(Source data)
■ ■ ■ ■ ■

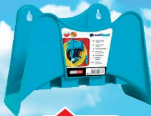
ZIDNI NOSAČ ZA CREVO CELLFAST
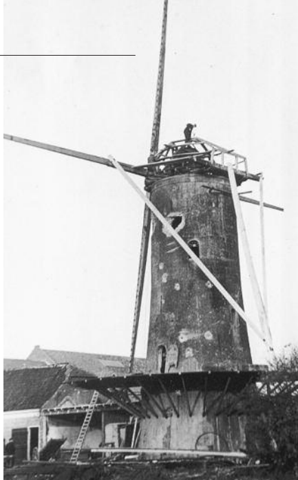
Rinus Lindhout op de kap: van hoogtevrees had hij geen last! (foto E. Speelman).

De Nederlanders waren er stellig van overtuigd dat de Duitsers in Overschie de molen "De Hoop" als uitkijkpost zouden gebruiken. Het zat er immers in dat ze een tegenaanval vanuit de richting Delft konden verwachten. Vandaar dat er van achter het erf van Rodenburg aan de rijksweg ten noorden van de molen op de molen geschoten werd om de veronderstelde Duitsers weg te krijgen. Dat er geen Duitsers zaten bleek wel bij het eerste schot. De Nederlandse commandant zag ineens een donkere wolk rond de molen. "Wat krijgen we nou", riep hij uit. Die wolk bleek niet anders dan een groot aantal duiven uit de molen te zijn dat daar hun domicilie had. Als er Duitsers gezeten hadden, dan waren de duiven wel weg geweest. Ook moet de molen niet alleen vanaf het noorden beschoten zijn, maar ook uit het zuiden, want ook daar zaten inslagen in de romp. Door de beschietin-
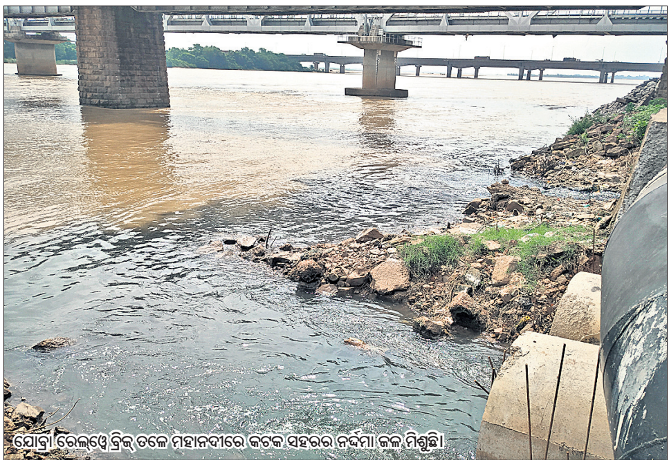
ସୋସିଆଲ ମିଡିଆରେ ସୁରୁତ୍ତିକ ଜଳପ୍ରାପ୍ତି ସୋସିଆଲ ମିଡିଆ ଲଭର। ନିକଟରେ ସେ ପୋଷ୍ଟ କରିଥିବା ଫଟୋକୁ ଫ୍ୟାନ୍‌ମାନେ ବେଶ୍ ଲାଭକ୍ ଏବଂ କମେଣ୍ଟ କରିଛନ୍ତି।
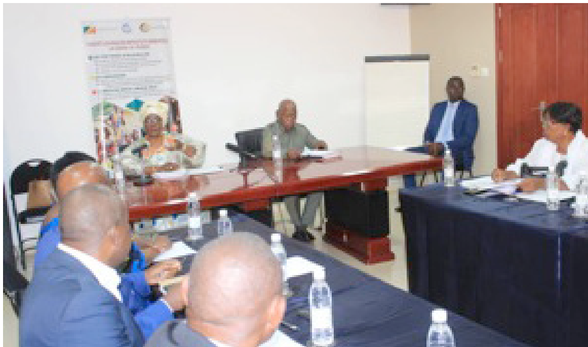
La protection sociale des vulnérables à renforcer

« Les systèmes des filets sociaux mis en œuvre à travers le projet Lisungi sont des garde-fous qui permettent à notre société de protéger les plus vulnérables d'entre nous et de garantir à chacun l'accès aux moyens de substance nécessaire », a rappelé Marie-Cécile Irène Mboukou-Kimbatsa. Selon la ministre qui est, par ailleurs, présidente du Comité d'orientation stratégique du projet Lisungi, l'échantillon de quelques ménages qui témoignent de l'amélioration de leurs conditions de vie à travers les allocations de ce projet constituent un motif de satisfaction pour tous les acteurs qui travaillent à l'atteinte de ces objectifs. Rappelons que le projet Lisungi vise, entre autres, à
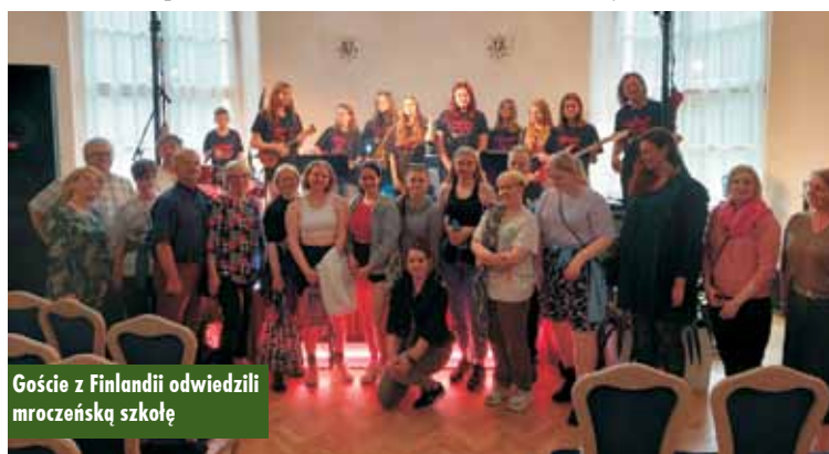
Goście z Finlandii odwiedzili mroczeńską szkołę

Na nieużytkowanej powierzchni rolniczej w Słupi pod Bralinem znajdowało się 8 beczek z nieznaną substancją
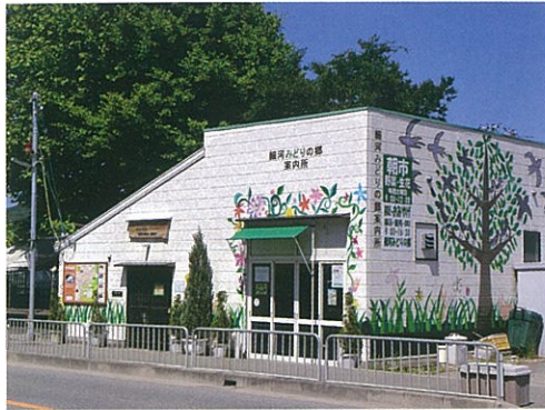
細河地域コミュニティ推進協議会事務所 & 細河みどりの郷観光案内所
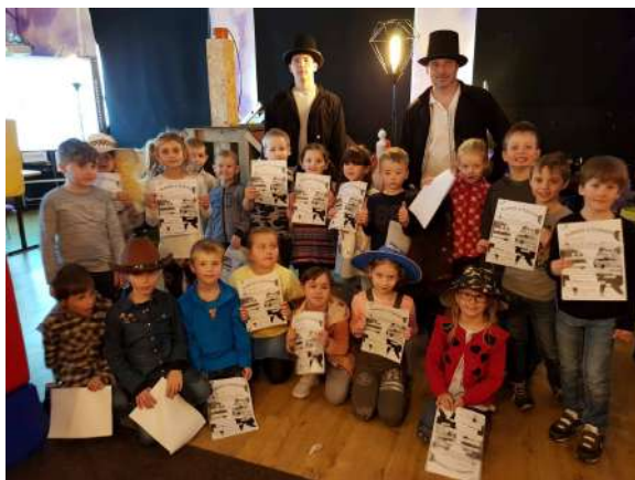
Prváčikovia v Písmenkove

■ ■ ■ ■ ■

> WHAT IS NEEDED
Lines holding the string "geen" in the records above must be counted; give the number alone.

> SOLUTION TO THIS PROBLEM
2